» **EXERCISE REQUIREMENTS**: From the first line of the data through the line containing "План работ по", transcribe each line exactly. Pictures do not belong in the copy.

*** Opening of SOURCE DATA ***

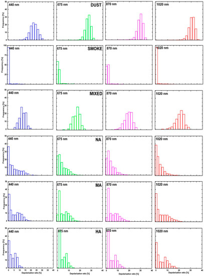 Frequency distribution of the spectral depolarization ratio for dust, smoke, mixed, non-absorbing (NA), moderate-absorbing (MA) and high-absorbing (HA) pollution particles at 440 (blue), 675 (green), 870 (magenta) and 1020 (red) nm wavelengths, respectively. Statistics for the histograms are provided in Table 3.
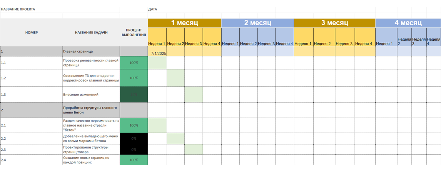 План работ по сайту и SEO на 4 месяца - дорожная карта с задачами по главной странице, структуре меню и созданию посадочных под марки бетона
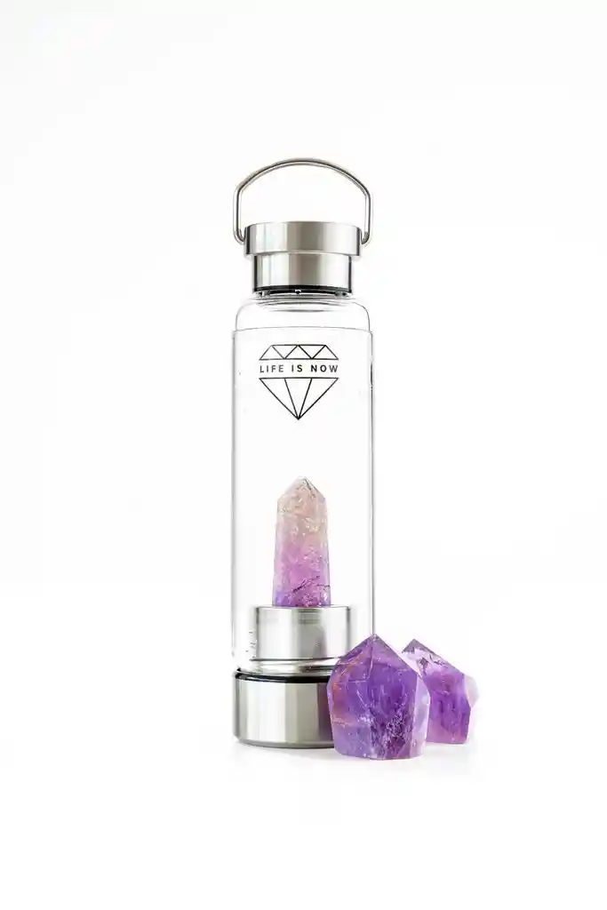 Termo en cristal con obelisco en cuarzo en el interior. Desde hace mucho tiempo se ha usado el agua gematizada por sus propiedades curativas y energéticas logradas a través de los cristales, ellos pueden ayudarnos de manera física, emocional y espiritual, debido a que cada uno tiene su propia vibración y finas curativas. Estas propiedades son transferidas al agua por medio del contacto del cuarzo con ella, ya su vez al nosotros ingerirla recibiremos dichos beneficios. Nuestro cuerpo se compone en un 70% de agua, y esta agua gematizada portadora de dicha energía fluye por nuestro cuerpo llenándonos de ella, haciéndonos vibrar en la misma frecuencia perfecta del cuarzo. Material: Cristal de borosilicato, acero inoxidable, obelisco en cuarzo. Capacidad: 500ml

*** Close of SOURCE DATA ***

» **EXPECTED ANSWER**:
 Frequency distribution of the spectral depolarization ratio for dust, smoke, mixed, non-absorbing (NA), moderate-absorbing (MA) and high-absorbing (HA) pollution particles at 440 (blue), 675 (green), 870 (magenta) and 1020 (red) nm wavelengths, respectively. Statistics for the histograms are provided in Table 3.
 План работ по сайту и SEO на 4 месяца - дорожная карта с задачами по главной странице, структуре меню и созданию посадочных под марки бетона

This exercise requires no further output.